Task goal. Output the data word for word, dropping every image.

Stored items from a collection
- - - - - - -

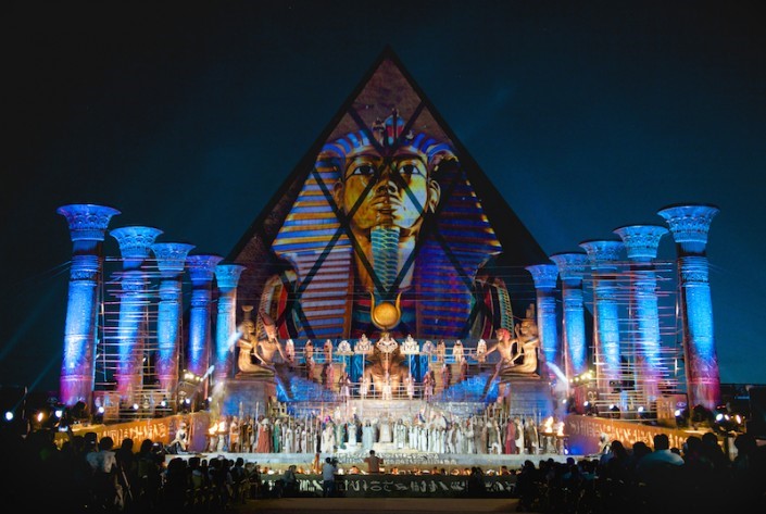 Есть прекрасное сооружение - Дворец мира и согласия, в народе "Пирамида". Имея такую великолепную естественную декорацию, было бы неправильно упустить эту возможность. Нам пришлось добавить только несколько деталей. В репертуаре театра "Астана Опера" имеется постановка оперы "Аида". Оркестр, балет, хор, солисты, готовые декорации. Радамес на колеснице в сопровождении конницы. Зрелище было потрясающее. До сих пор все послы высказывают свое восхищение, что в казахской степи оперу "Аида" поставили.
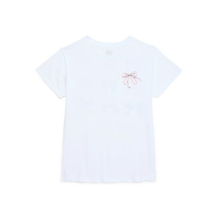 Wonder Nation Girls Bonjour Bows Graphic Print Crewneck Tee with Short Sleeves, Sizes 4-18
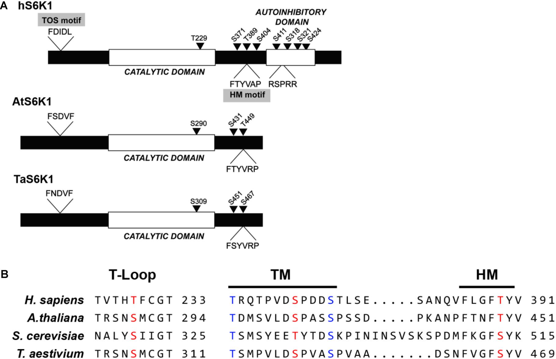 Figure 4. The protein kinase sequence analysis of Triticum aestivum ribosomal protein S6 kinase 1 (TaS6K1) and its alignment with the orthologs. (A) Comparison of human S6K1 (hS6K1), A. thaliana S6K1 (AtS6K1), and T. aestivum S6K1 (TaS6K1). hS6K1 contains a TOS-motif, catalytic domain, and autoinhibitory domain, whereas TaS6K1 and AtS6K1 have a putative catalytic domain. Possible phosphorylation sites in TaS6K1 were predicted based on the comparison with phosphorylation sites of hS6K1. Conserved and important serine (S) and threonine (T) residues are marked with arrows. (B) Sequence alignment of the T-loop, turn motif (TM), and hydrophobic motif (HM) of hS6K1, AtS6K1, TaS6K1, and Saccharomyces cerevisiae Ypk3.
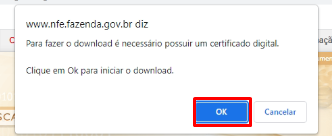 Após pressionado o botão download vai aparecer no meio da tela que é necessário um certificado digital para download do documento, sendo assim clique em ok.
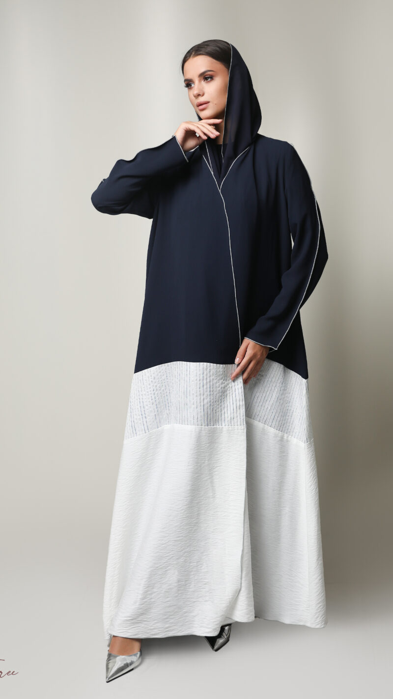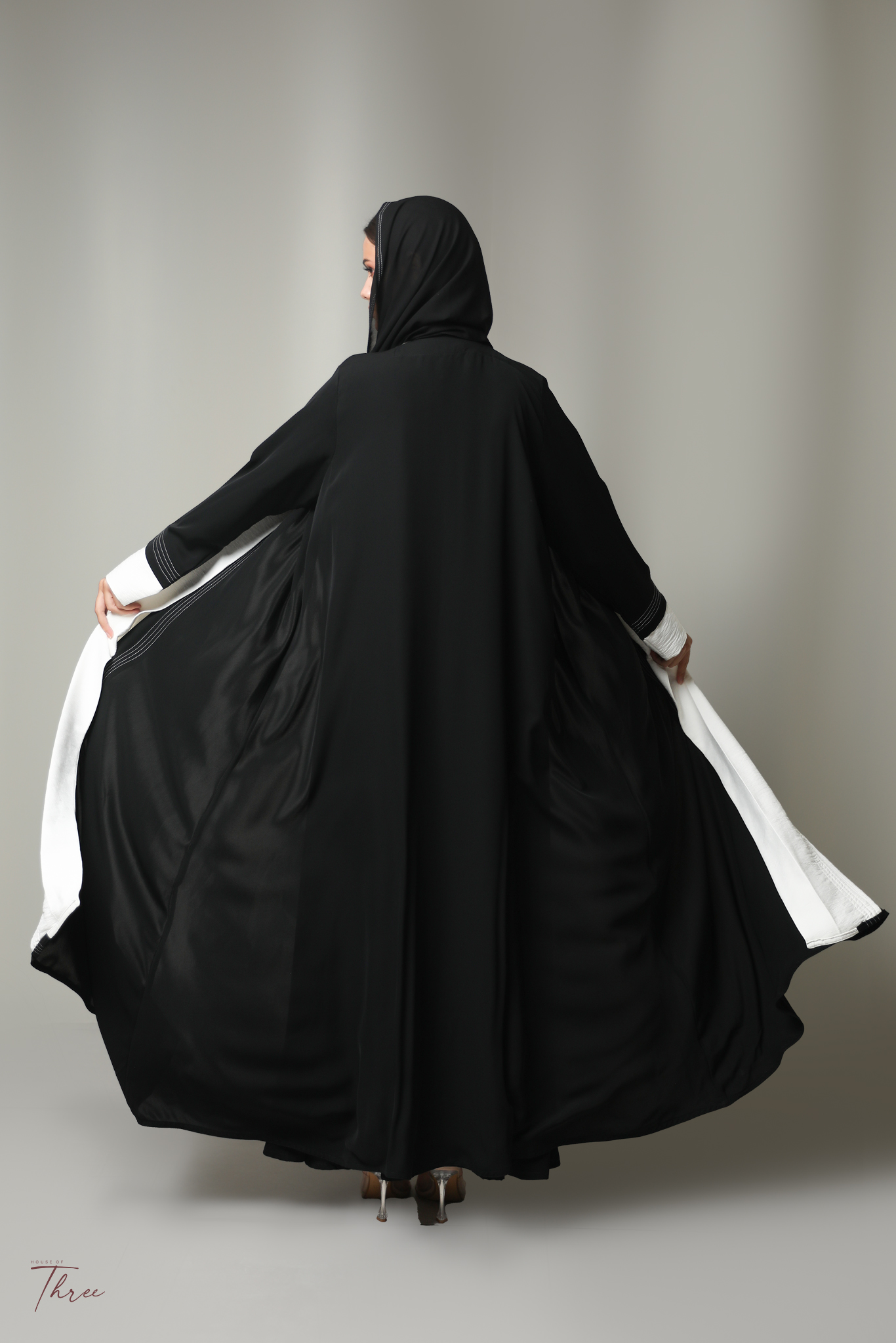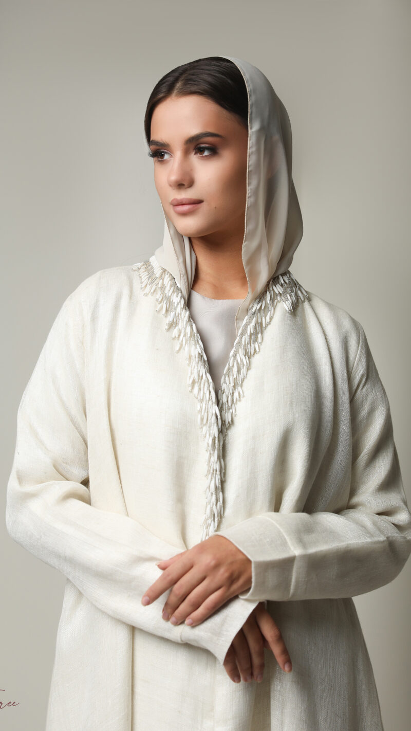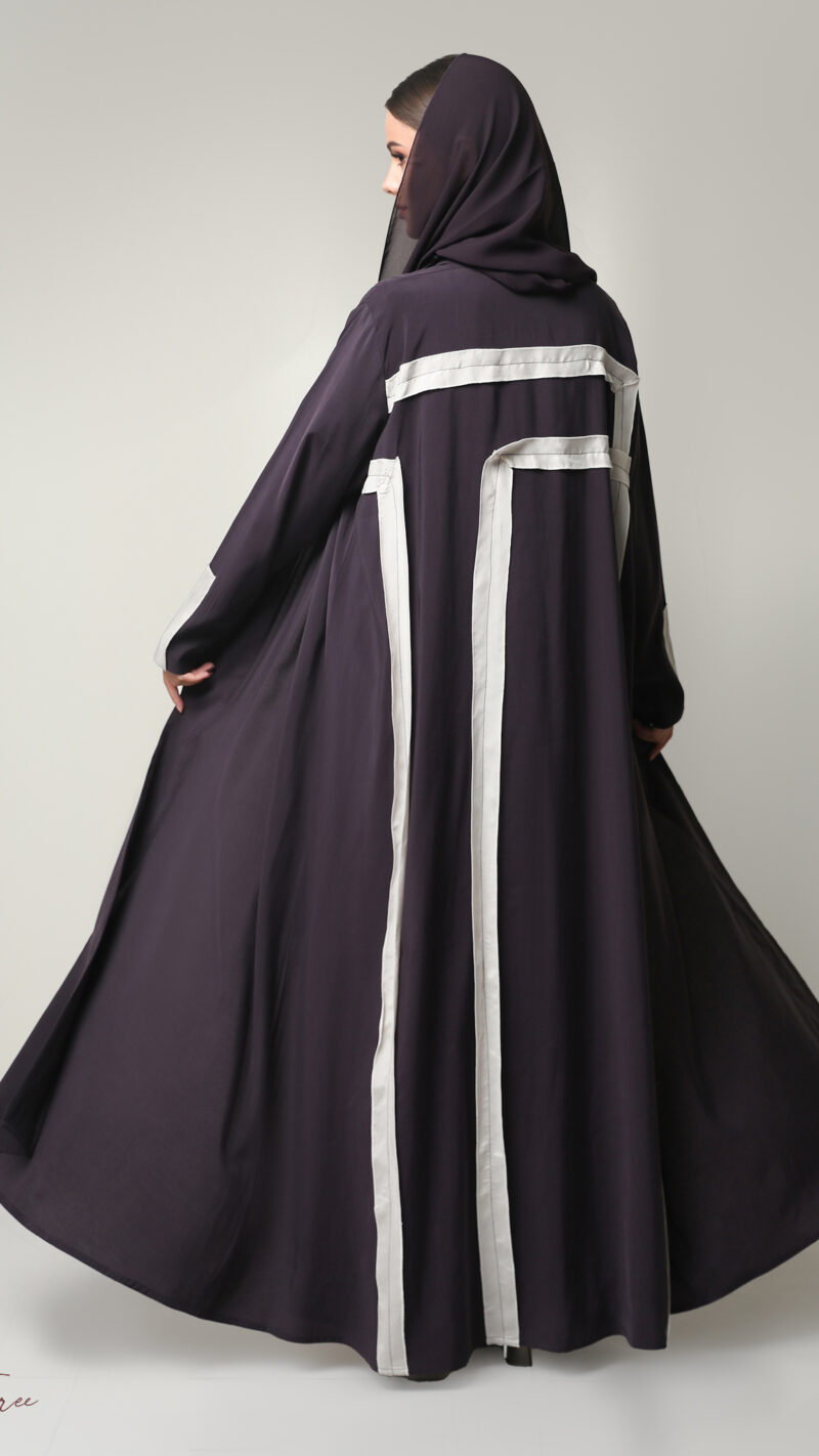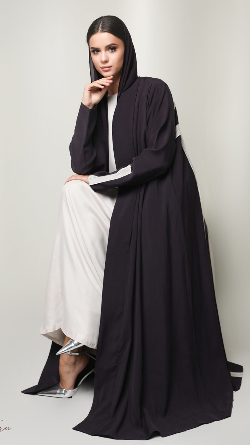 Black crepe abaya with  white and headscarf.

- - - - - - -

Completed task.
 Есть прекрасное сооружение - Дворец мира и согласия, в народе "Пирамида". Имея такую великолепную естественную декорацию, было бы неправильно упустить эту возможность. Нам пришлось добавить только несколько деталей. В репертуаре театра "Астана Опера" имеется постановка оперы "Аида". Оркестр, балет, хор, солисты, готовые декорации. Радамес на колеснице в сопровождении конницы. Зрелище было потрясающее. До сих пор все послы высказывают свое восхищение, что в казахской степи оперу "Аида" поставили.
 Wonder Nation Girls Bonjour Bows Graphic Print Crewneck Tee with Short Sleeves, Sizes 4-18
 Figure 4. The protein kinase sequence analysis of Triticum aestivum ribosomal protein S6 kinase 1 (TaS6K1) and its alignment with the orthologs. (A) Comparison of human S6K1 (hS6K1), A. thaliana S6K1 (AtS6K1), and T. aestivum S6K1 (TaS6K1). hS6K1 contains a TOS-motif, catalytic domain, and autoinhibitory domain, whereas TaS6K1 and AtS6K1 have a putative catalytic domain. Possible phosphorylation sites in TaS6K1 were predicted based on the comparison with phosphorylation sites of hS6K1. Conserved and important serine (S) and threonine (T) residues are marked with arrows. (B) Sequence alignment of the T-loop, turn motif (TM), and hydrophobic motif (HM) of hS6K1, AtS6K1, TaS6K1, and Saccharomyces cerevisiae Ypk3.
 Após pressionado o botão download vai aparecer no meio da tela que é necessário um certificado digital para download do documento, sendo assim clique em ok.
 Black crepe abaya with  white and headscarf.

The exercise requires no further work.